Data for processing:
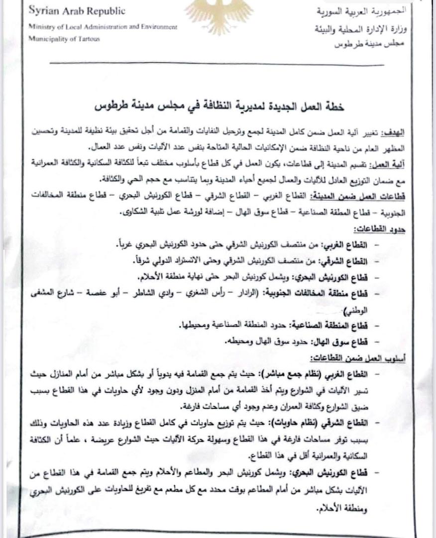 وضع مجلس مدينة طرطوس خطة عمل جديدة تهدف إلى رفع مستوى النظافة العامة وتحسين ظروف الحياة للمواطنين، عبر تحسين وتطوير آلية جمع وترحيل النفايات في المدينة وتحقيق بيئة نظيفة ومظهر حضاري يتناسب مع حجم المدينة ومتطلباتها. مع مراعاة الإمكانيات المتاحة حالياً من حيث عدد الآليات والعمال.
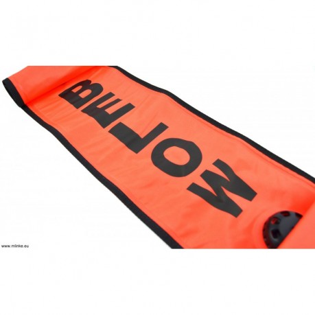 - czarny napis "diver below" (nurek poniżej) plus nadrukowany znak nurkowy,
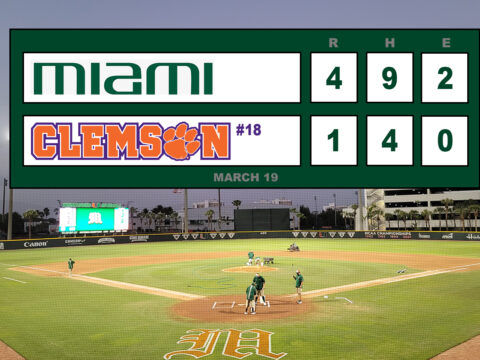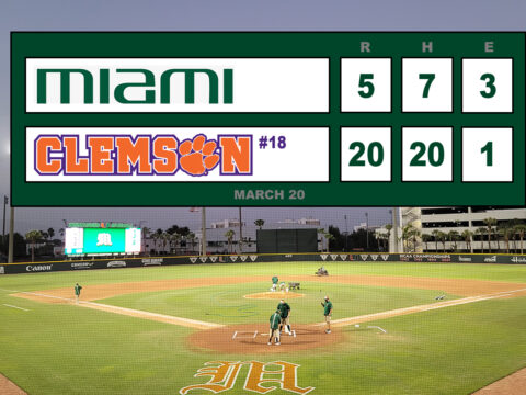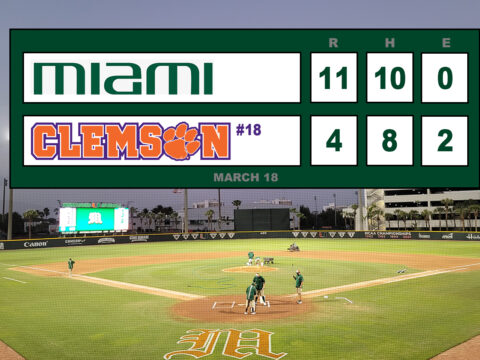 Miami suffering a midweek loss to UCF bounced back taking advantage of Clemson’s pitching staff’s lack of command and control in the early innings to take a commanding 8-0 lead through 4. They did it with small ball and consistently…
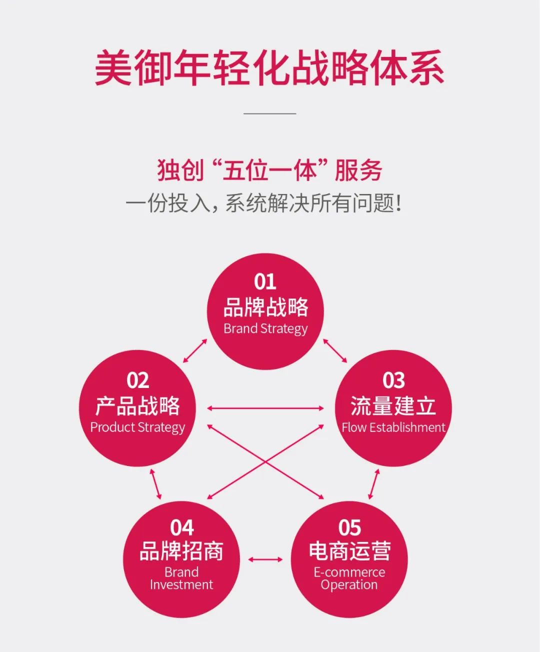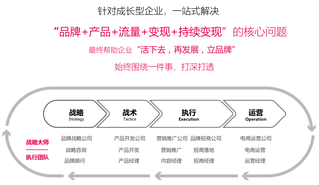 美御以結果為導向,以年輕化戰(zhàn)略和創(chuàng)新思維為手段,通過創(chuàng)新的戰(zhàn)略打法,從戰(zhàn)略到戰(zhàn)術、從執(zhí)行到運營,為成長型企業(yè)量身定制,通過貼身服務、深度綁定,一站式解決“品牌+產品+流量+變現(xiàn)+持續(xù)變現(xiàn)”的核心問題,幫助企業(yè)“活下去、再發(fā)展、立品牌”!
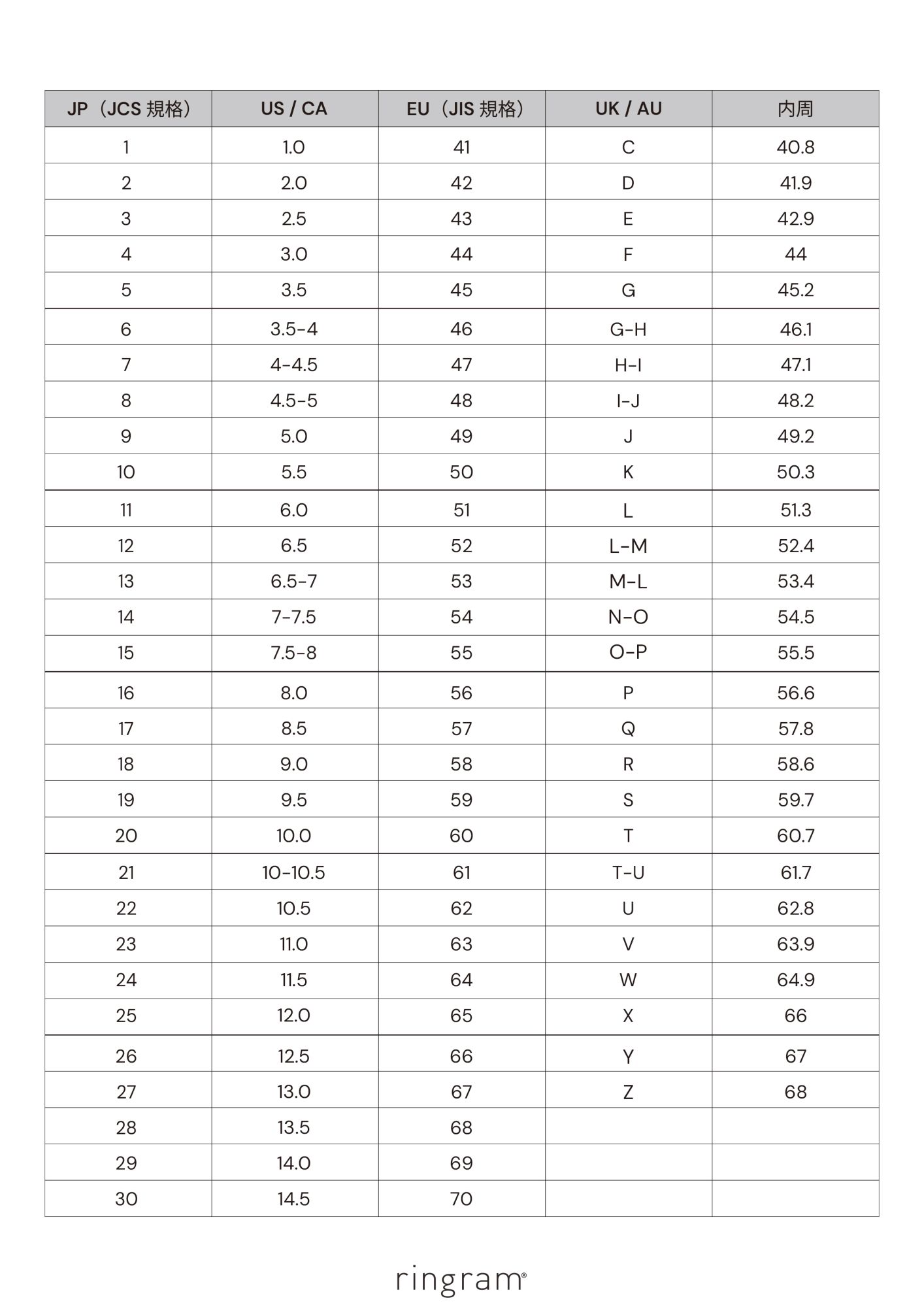 ② Check the Japanese size.

Task:
Extract the run of lines from the line holding "美御以結果為導向,以年輕化戰" through the final line of the material above, exactly and inclusively. Leave the pictures behind.

Solution to the problem:
 美御以結果為導向,以年輕化戰(zhàn)略和創(chuàng)新思維為手段,通過創(chuàng)新的戰(zhàn)略打法,從戰(zhàn)略到戰(zhàn)術、從執(zhí)行到運營,為成長型企業(yè)量身定制,通過貼身服務、深度綁定,一站式解決“品牌+產品+流量+變現(xiàn)+持續(xù)變現(xiàn)”的核心問題,幫助企業(yè)“活下去、再發(fā)展、立品牌”!
 ② Check the Japanese size.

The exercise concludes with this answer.